WORK TO BE COMPLETED: Exactly the lines from the one containing "1 º preparar" through the one containing "注:如果这一关出现气球僵尸的" in the listing below are to be copied, with the pictures left out.

PROVIDED RECORDS:
|---|

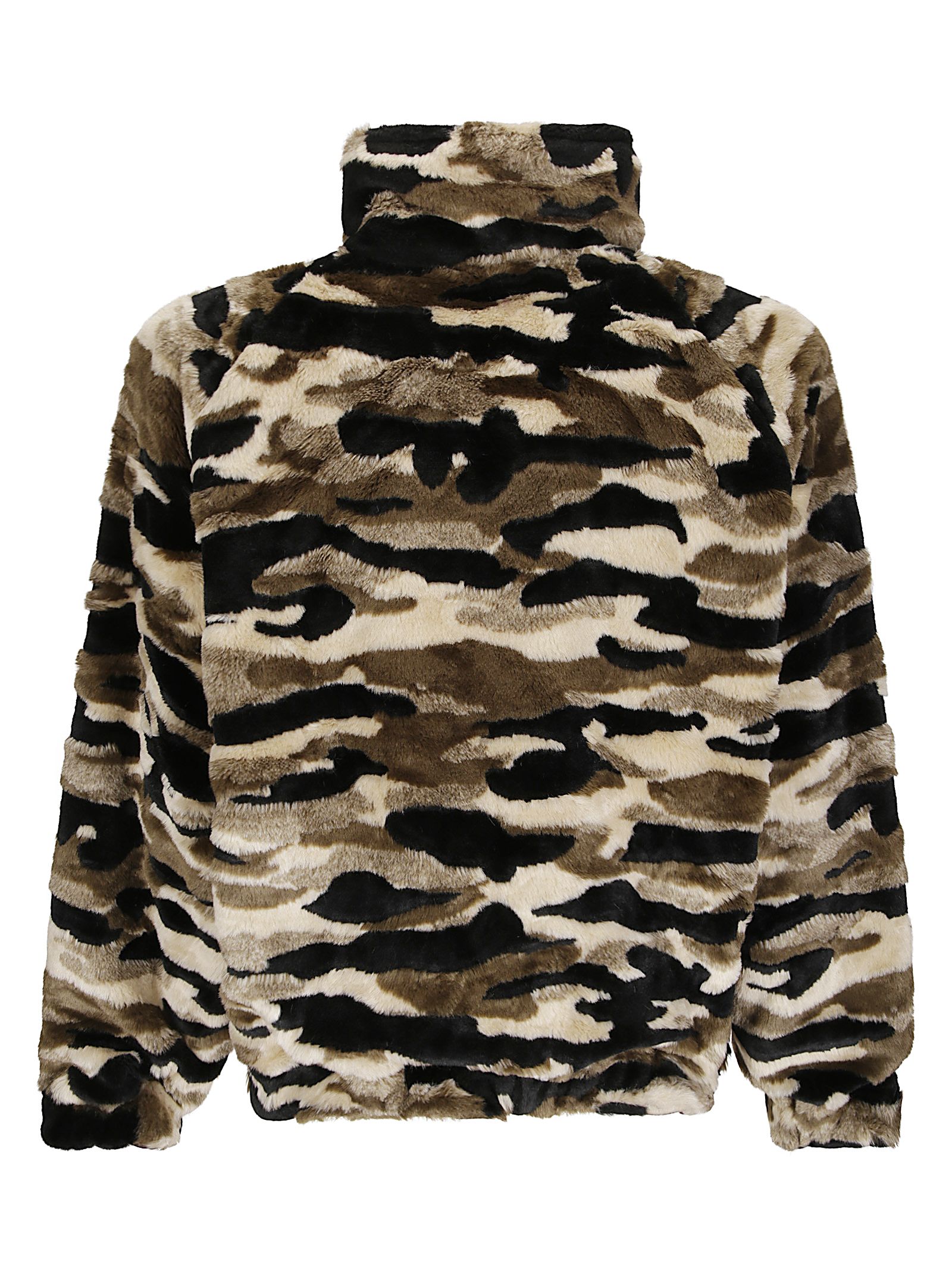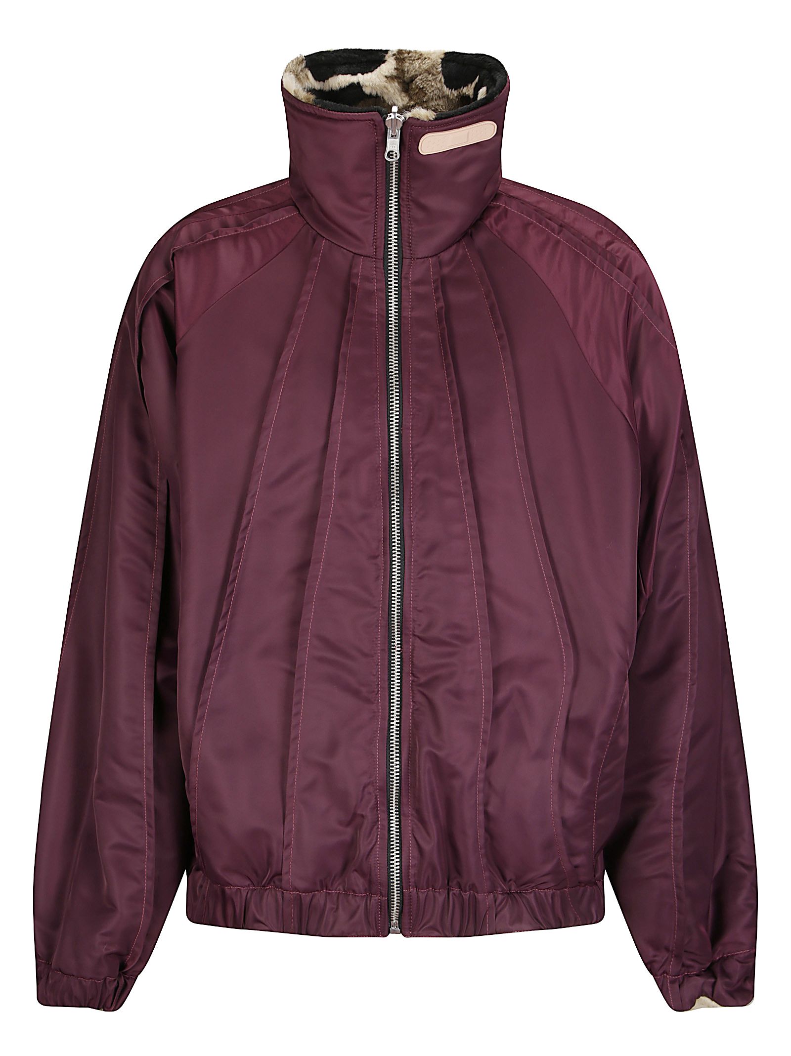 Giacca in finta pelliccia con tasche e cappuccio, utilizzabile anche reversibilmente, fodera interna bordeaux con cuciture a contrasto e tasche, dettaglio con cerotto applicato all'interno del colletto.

|---|

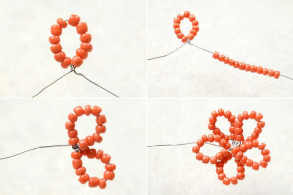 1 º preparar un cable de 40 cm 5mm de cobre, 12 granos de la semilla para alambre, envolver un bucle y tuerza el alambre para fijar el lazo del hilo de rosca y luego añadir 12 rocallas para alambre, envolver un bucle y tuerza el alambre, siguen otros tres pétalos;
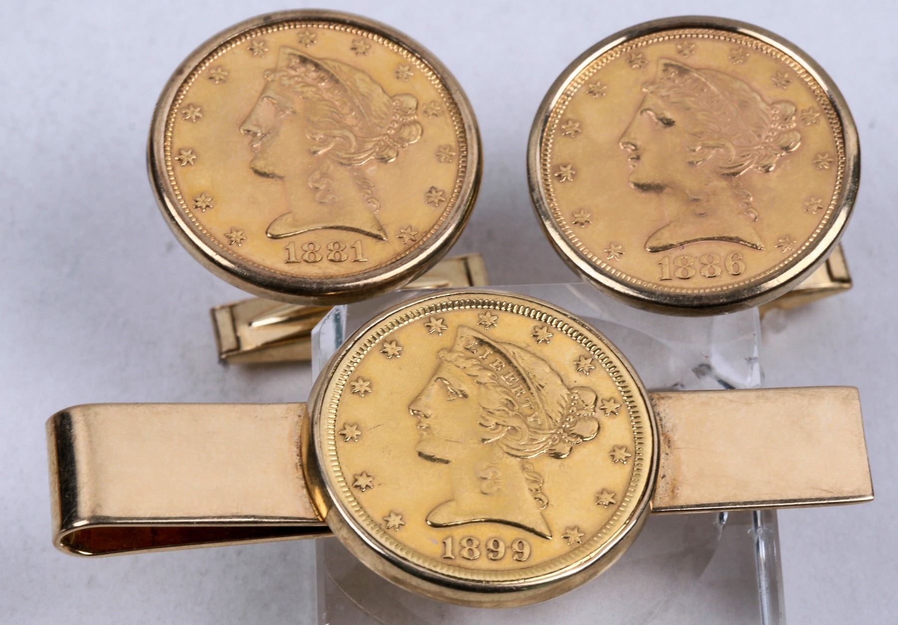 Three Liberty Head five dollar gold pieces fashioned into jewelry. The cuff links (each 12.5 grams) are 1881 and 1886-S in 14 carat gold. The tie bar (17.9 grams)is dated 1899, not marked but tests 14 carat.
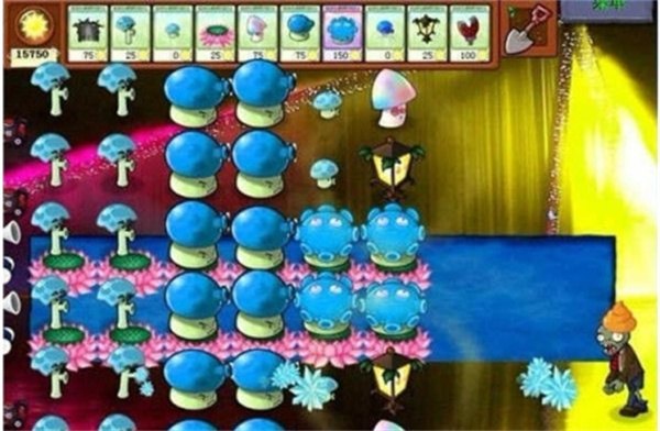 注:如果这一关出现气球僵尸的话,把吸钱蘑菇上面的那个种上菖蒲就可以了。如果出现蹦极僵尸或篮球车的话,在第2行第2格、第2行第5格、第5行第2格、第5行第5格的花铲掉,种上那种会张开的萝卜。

|---|

TASK OUTPUT:
 1 º preparar un cable de 40 cm 5mm de cobre, 12 granos de la semilla para alambre, envolver un bucle y tuerza el alambre para fijar el lazo del hilo de rosca y luego añadir 12 rocallas para alambre, envolver un bucle y tuerza el alambre, siguen otros tres pétalos;
 Three Liberty Head five dollar gold pieces fashioned into jewelry. The cuff links (each 12.5 grams) are 1881 and 1886-S in 14 carat gold. The tie bar (17.9 grams)is dated 1899, not marked but tests 14 carat.
 注:如果这一关出现气球僵尸的话,把吸钱蘑菇上面的那个种上菖蒲就可以了。如果出现蹦极僵尸或篮球车的话,在第2行第2格、第2行第5格、第5行第2格、第5行第5格的花铲掉,种上那种会张开的萝卜。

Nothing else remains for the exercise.